INFORMATION SHOWN START

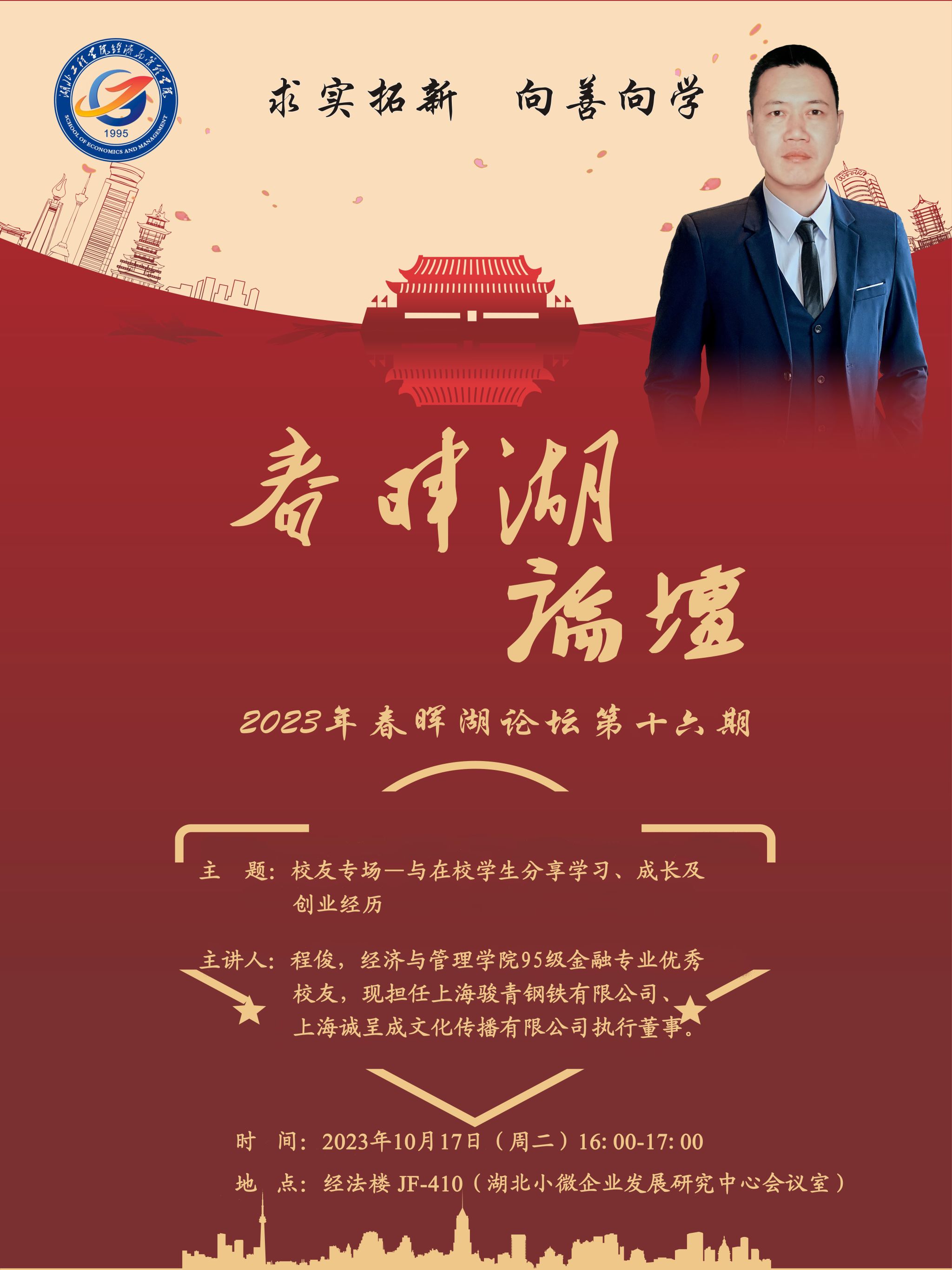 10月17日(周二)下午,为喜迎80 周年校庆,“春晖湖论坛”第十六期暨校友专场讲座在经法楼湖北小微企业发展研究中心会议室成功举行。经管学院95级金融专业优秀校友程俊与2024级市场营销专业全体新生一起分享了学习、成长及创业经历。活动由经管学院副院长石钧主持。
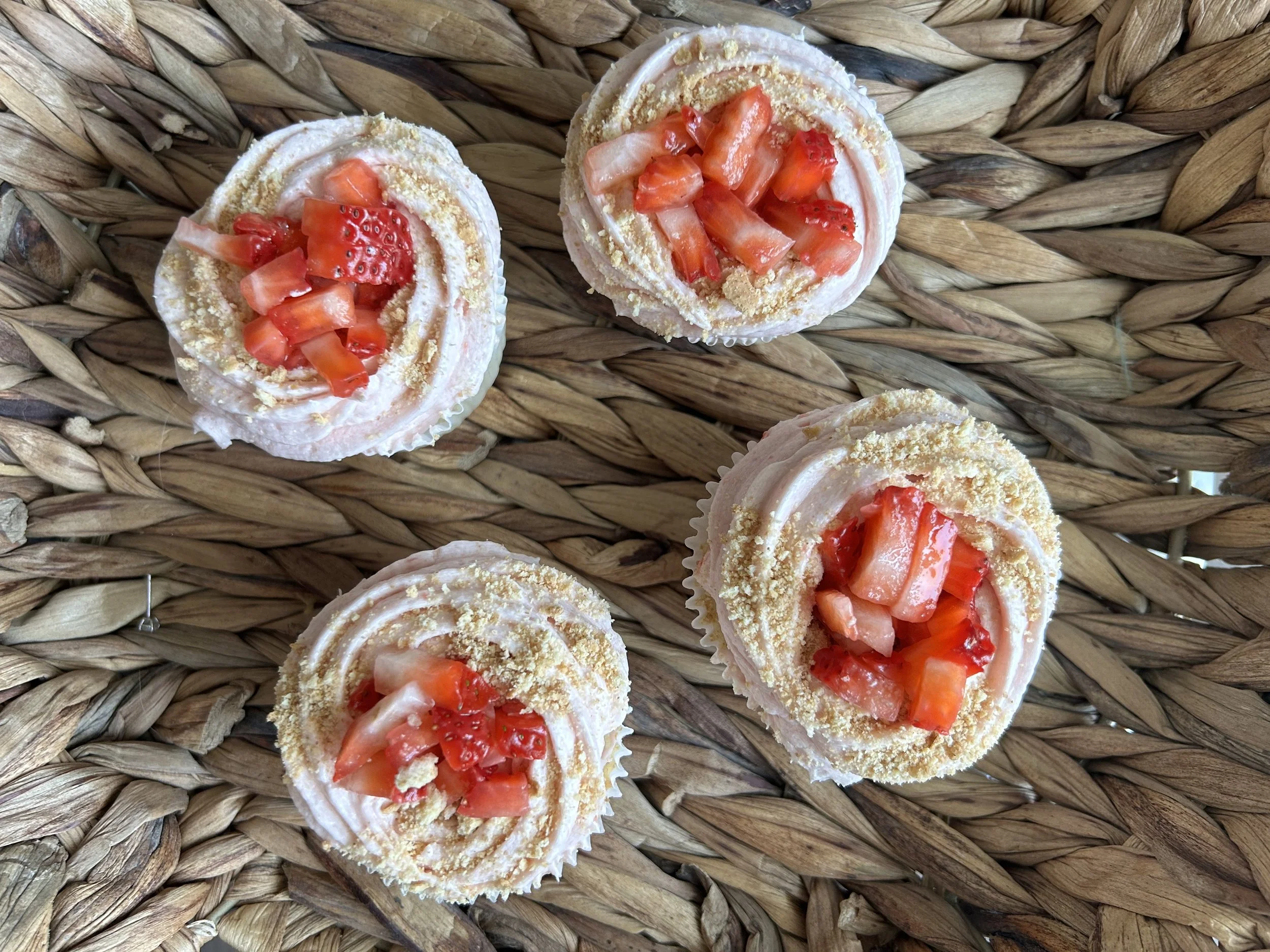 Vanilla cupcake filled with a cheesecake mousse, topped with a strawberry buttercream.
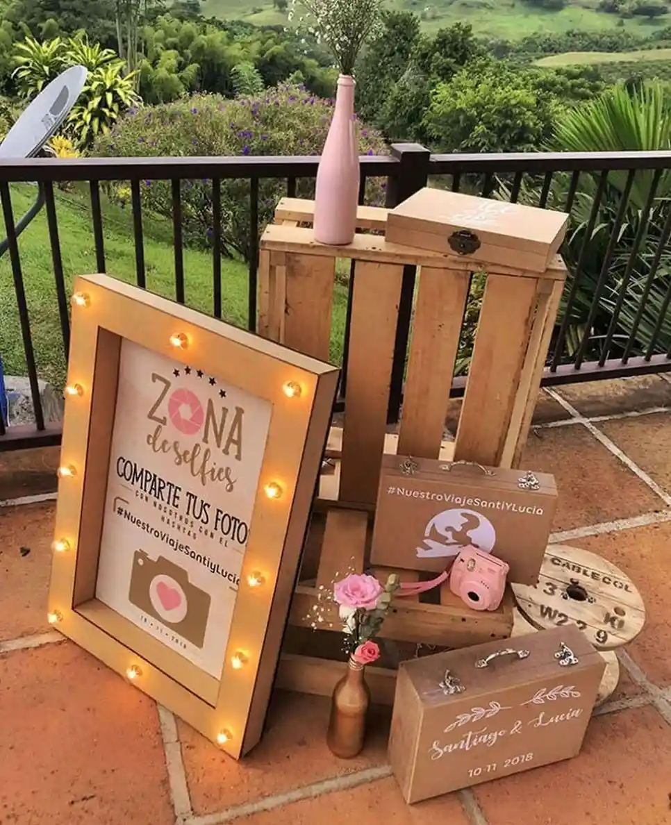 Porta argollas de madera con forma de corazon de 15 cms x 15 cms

INFORMATION SHOWN END

## [TASK]
The whole listing is to be retyped exactly, with its pictures removed.

## [THE ANSWER]
 10月17日(周二)下午,为喜迎80 周年校庆,“春晖湖论坛”第十六期暨校友专场讲座在经法楼湖北小微企业发展研究中心会议室成功举行。经管学院95级金融专业优秀校友程俊与2024级市场营销专业全体新生一起分享了学习、成长及创业经历。活动由经管学院副院长石钧主持。
 Vanilla cupcake filled with a cheesecake mousse, topped with a strawberry buttercream.
 Porta argollas de madera con forma de corazon de 15 cms x 15 cms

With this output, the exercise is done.